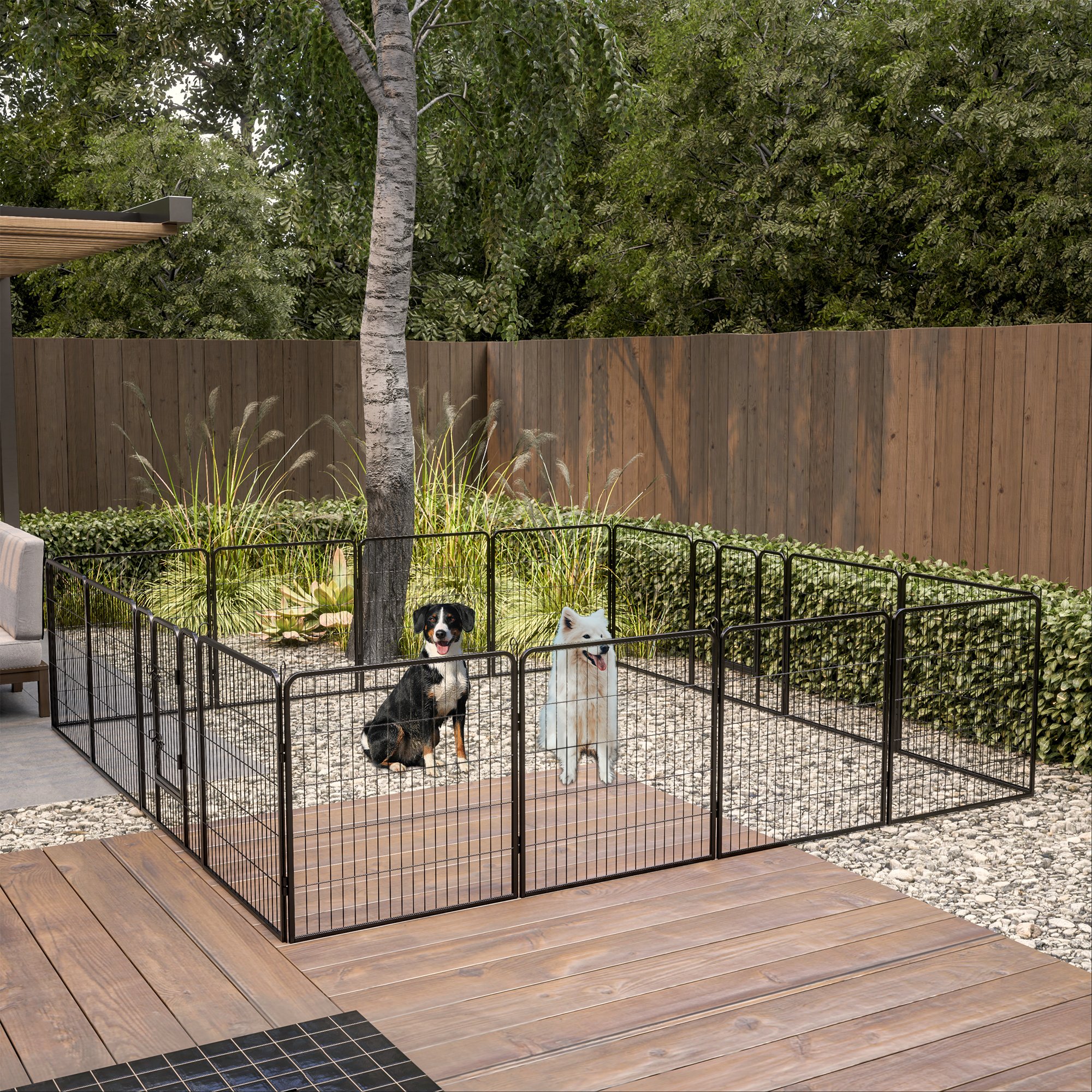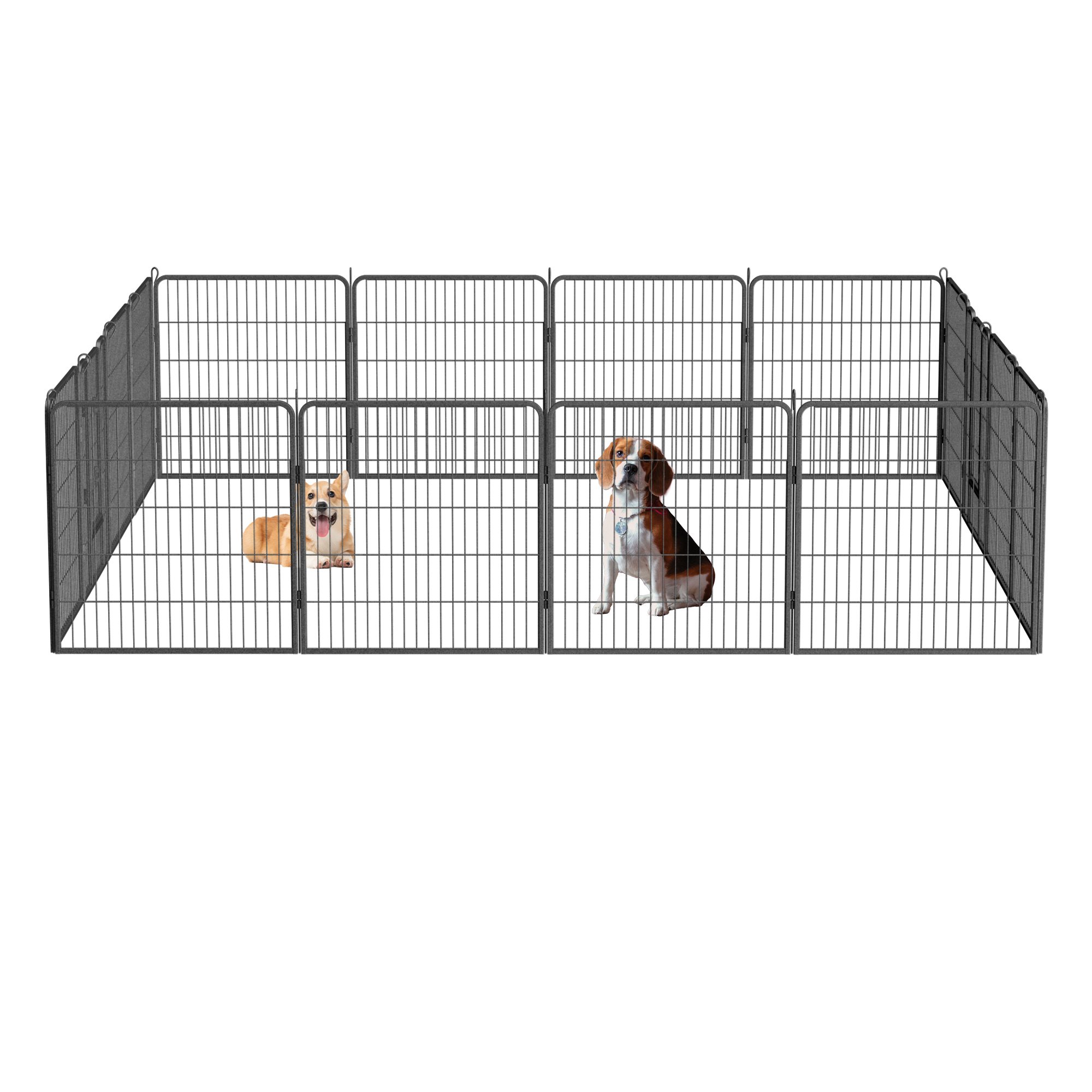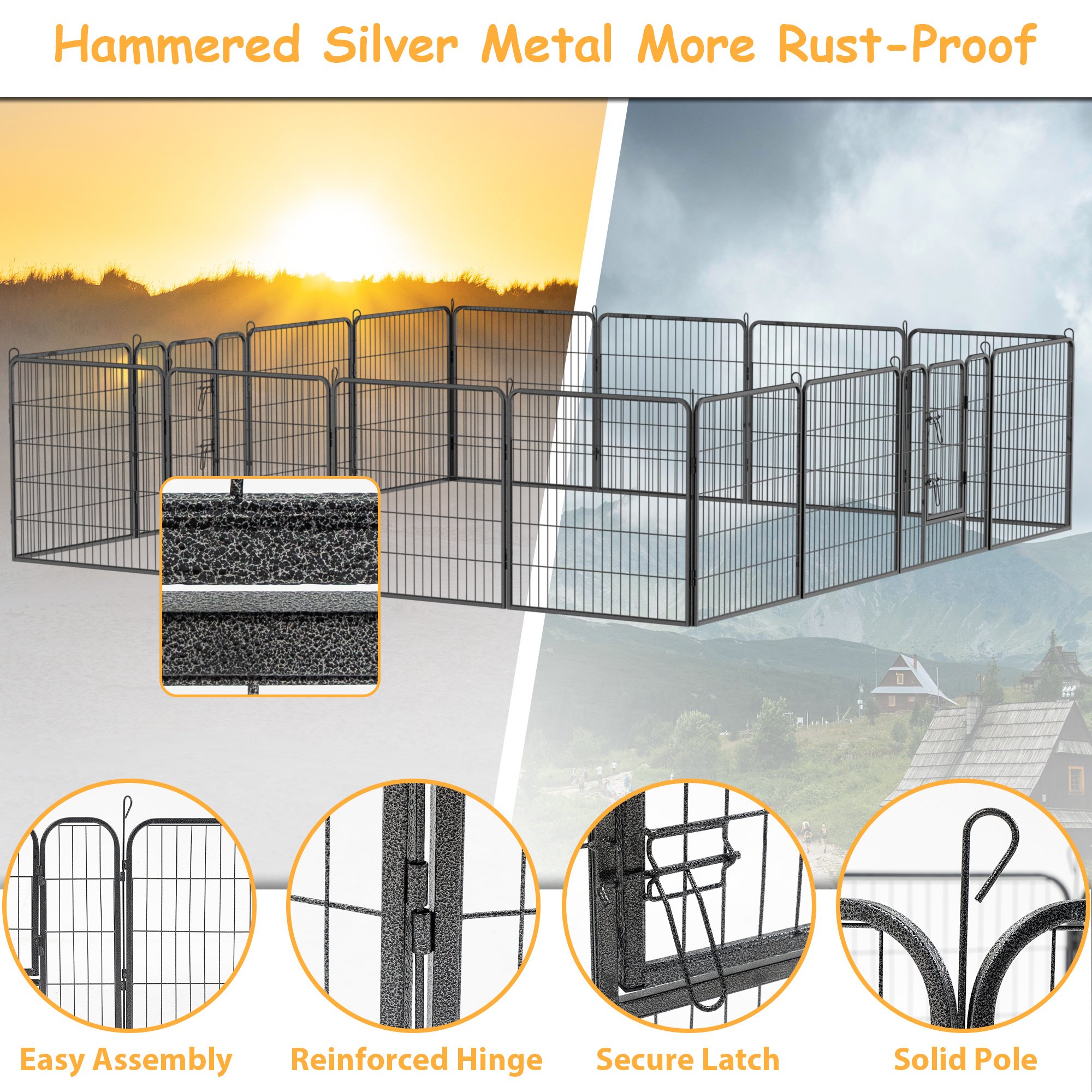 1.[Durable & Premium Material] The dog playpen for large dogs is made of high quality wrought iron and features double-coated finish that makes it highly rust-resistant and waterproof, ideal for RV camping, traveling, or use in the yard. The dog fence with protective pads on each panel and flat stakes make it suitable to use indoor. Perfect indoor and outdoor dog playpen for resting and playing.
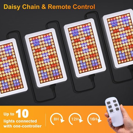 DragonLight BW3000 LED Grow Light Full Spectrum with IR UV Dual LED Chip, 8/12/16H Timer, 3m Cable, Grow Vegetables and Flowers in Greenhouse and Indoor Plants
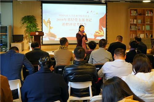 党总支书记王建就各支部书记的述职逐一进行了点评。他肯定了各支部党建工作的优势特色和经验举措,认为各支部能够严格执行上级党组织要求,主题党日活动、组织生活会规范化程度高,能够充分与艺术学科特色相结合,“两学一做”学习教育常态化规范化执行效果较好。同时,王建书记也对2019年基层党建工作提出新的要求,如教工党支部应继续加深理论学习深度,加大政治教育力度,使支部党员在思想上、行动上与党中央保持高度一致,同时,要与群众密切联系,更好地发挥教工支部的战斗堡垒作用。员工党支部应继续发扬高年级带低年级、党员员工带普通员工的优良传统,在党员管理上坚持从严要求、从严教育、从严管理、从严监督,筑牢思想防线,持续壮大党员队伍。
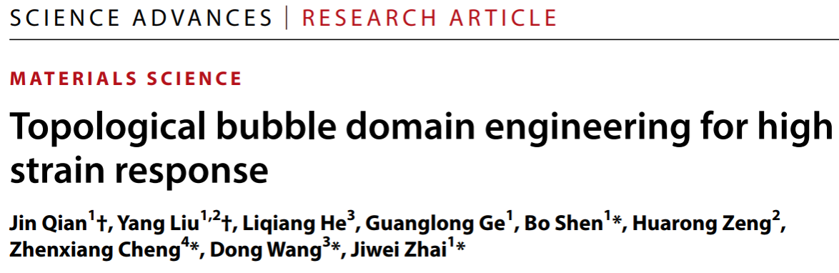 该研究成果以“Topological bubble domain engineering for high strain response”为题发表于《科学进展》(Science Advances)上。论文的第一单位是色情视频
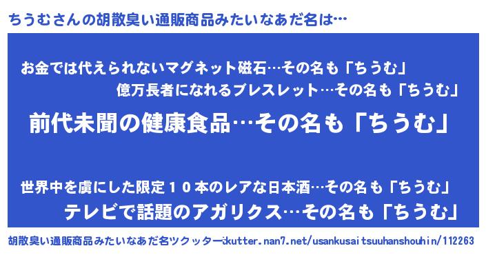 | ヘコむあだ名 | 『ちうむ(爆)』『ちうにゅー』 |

--

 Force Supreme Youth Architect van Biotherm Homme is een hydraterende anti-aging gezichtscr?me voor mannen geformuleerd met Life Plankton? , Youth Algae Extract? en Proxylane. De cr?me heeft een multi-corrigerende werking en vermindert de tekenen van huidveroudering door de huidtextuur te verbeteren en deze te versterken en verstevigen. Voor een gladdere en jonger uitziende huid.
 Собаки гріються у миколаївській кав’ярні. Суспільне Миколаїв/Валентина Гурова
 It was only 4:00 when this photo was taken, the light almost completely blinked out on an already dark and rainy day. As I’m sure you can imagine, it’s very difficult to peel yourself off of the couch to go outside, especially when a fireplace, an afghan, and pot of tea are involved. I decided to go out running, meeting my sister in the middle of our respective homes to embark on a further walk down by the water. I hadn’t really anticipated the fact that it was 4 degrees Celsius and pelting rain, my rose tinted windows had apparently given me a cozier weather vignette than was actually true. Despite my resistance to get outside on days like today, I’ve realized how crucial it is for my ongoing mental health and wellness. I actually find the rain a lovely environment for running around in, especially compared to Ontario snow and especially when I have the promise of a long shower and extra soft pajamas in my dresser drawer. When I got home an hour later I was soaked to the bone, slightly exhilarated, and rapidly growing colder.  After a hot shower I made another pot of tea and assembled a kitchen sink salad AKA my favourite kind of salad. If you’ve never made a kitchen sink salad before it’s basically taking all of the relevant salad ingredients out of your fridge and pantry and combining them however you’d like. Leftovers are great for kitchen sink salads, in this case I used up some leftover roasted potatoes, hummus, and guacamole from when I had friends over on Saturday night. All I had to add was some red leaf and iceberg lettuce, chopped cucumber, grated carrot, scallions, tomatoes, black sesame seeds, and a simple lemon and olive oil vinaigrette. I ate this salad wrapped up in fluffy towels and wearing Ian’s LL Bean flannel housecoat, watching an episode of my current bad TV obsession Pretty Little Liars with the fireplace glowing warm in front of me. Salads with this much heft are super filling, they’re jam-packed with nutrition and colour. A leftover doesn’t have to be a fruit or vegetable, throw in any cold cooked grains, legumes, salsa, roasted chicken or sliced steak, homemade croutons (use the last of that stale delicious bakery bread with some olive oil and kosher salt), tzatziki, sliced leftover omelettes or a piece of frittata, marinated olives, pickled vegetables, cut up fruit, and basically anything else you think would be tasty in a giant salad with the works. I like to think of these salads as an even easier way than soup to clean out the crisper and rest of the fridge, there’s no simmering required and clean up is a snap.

Required work
Copy the lines above exactly, starting at the one with "bubble domain engineering" and ending at the one with "ヘコむあだ名 | 『ちうむ(爆)』『ちうにゅー』 |", both included. Leave out any pictures and add nothing else.

Output of the task
 该研究成果以“Topological bubble domain engineering for high strain response”为题发表于《科学进展》(Science Advances)上。论文的第一单位是色情视频
 | ヘコむあだ名 | 『ちうむ(爆)』『ちうにゅー』 |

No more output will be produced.